Ist die Zeit wieder reif für vorsorgliche Zinssenkungen? Nach der globalen Abkühlung im Industrievertrauen, maßgeblich durch andauernde Unsicherheit in der Handelspolitik verursacht, könnten die Zentralbanken Zinssenkungen rechtfertigen, auch vor dem Hintergrund gefallener marktbasierter Inflationserwartungen. Zwei Aspekte gilt es zu jedoch zu bedenken:
- In der Vergangenheit haben vorsorgliche Zinssenkungen der Federal Reserve maximal 75 Basispunkte betragen – jetzt erwarten die Anleger am US-Geldmarkt bereits mehr als das, was größere Konjunktursorgen widerspiegelt.
- Es ist fraglich, ob eine durch Handelsstreitigkeiten verursachte Vertrauenskrise mit Mitteln der Geldpolitik schnell ausgebügelt werden kann.
Die Woche voraus
Nachdem in der vergangenen Woche die Federal Reserve ihre Wachsamkeit gegenüber konjunkturellen Abwärtsrisiken nochmal bestätigt hat, steht zumindest am Anfang der Woche ein Reigen chinesischer Konjunkturdaten im Mittelpunkt, unter anderem die Wachstumsrate des Bruttoinlandsprodukts für das zweite Quartal am Montag. Als Barometer für das europäische Konsumklima und die Umsätze der gebeutelten europäischen Automobilindustrie werden wir auf die europäischen Kfz-Zulassungen am Mittwoch schauen. In den USA stehen die Einzelhandelsumsätze am Dienstag im Mittelpunkt.

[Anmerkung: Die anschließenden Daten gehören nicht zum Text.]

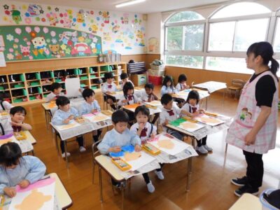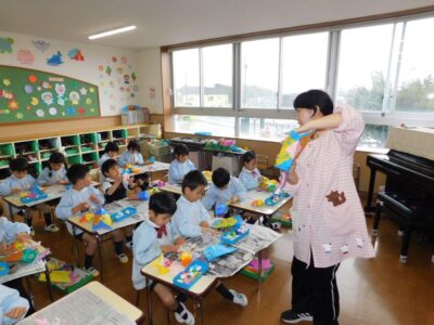 5月の子どもの日(端午の節句)にちなんで先週はこいのぼりの吹き流しの製作を行いました。年長組になると絵の具での色塗りも上手です。牛乳パックに紙を貼って絵の具で色塗りをして立体感のあ

Active is: Die Jagd nach Rendite geht weiter
Um die überbordenden Erwartungen nach geldpolitischer Unterstützung nicht zu enttäuschen, werden die Zentralbanken kaum umhin kommen, ihren Worten Taten folgen zu lassen. Wir zweifeln allerdings an der Wirkung: Eine schnelle Linderung der durch politische Unsicherheit verursachten Vertrauenskrise ist kein Selbstläufer. Dieser Umstand könnte auch die Aktienmarktentwicklung gegenüber vergleichbaren Situationen in der Vergangenheit bremsen. Klar ist: Die Zinswende nach oben fällt zunächst aus und alternative Einkommensströme wie zuverlässige Dividenden werden weiterhin gefragt sein.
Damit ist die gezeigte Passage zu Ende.